The understanding of the physico-chemical basis of the intracellular processes requires determination of local concentrations of cell chemical constituents. For that, light microscopy is the irreplaceable method. Using an example of a (auto)fluorescent tissue, we clarify some still ignored aspects of image build-up in the light microscope for maximal extraction of information from the 3D microscopic experiments. We introduce an algorithm based on the Rényi entropy approach, namely on the Point Divergence Gain (see Entropy 20(2), p. 106):

PDG_α^l-m = 1/(1-α) log₂ {[(n_l-1)^α - n_l + (n_m+1)^α - n_m]/C_α +1},

where α is the Rényi coefficient; and n_l and n_m are frequencies of occurrence of phenomena (intensity) l in the 1^st matrix (digital image) and of phenomena (intensity) m in the 2^nd matrix (digital image). The digital images are optical cuts consecutive in a stack obtained along the microscope optical path between which we exchange a pixel of intensity l for a pixel of intensity m. The term C_α is a sum of α-weighted frequencies of occurrences of all phenomena (intensities) in the 1^st matrix (digital image).

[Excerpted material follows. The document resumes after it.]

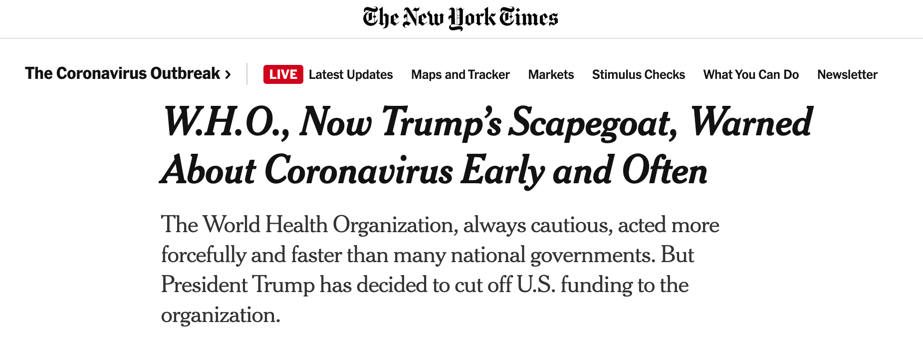 16日,《紐約時報》發文稱:世衛組織是特朗普尋找的“替罪羊”,該組織向來謹慎,其行動比許多國家政府更有力、更快速。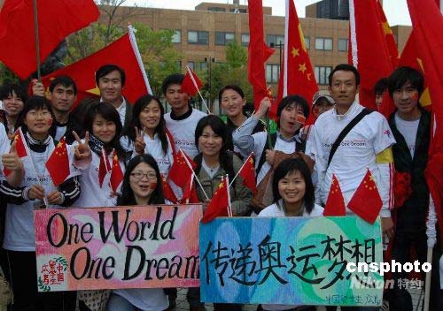4月26日清晨6點,作為北京奧運會火炬?zhèn)鬟f長野段終點的若里公園聚集了大批從日本各地連夜趕來的中國留學生。中新社發(fā) 關(guān)妍 攝

We removed an image background using PDG₅₀^l-m = 0 which is an approximation to PDG_∞^l-m = 0 (analogy to min entropy). Then, we sought voxels (3D pixels) called 3D electromagnetic centroids that corresponded to PDG₂^l-m = 0 (i.e., multifractality approximation to subtraction of two images consecutive in a z-stack). This localized the information about the object independently of the size of this voxel (see Ultramicroscopy 179, p. 1-14) and gave us cores of the objects’ images. At PDG₁₀^l-m = 0, we obtained extended 3D images of the observed objects called spread functions.

This approach enables us to localize positions of individual fluorophores and their general spectral properties and, consequently, to make approximative conclusions about intracellular biochemistry.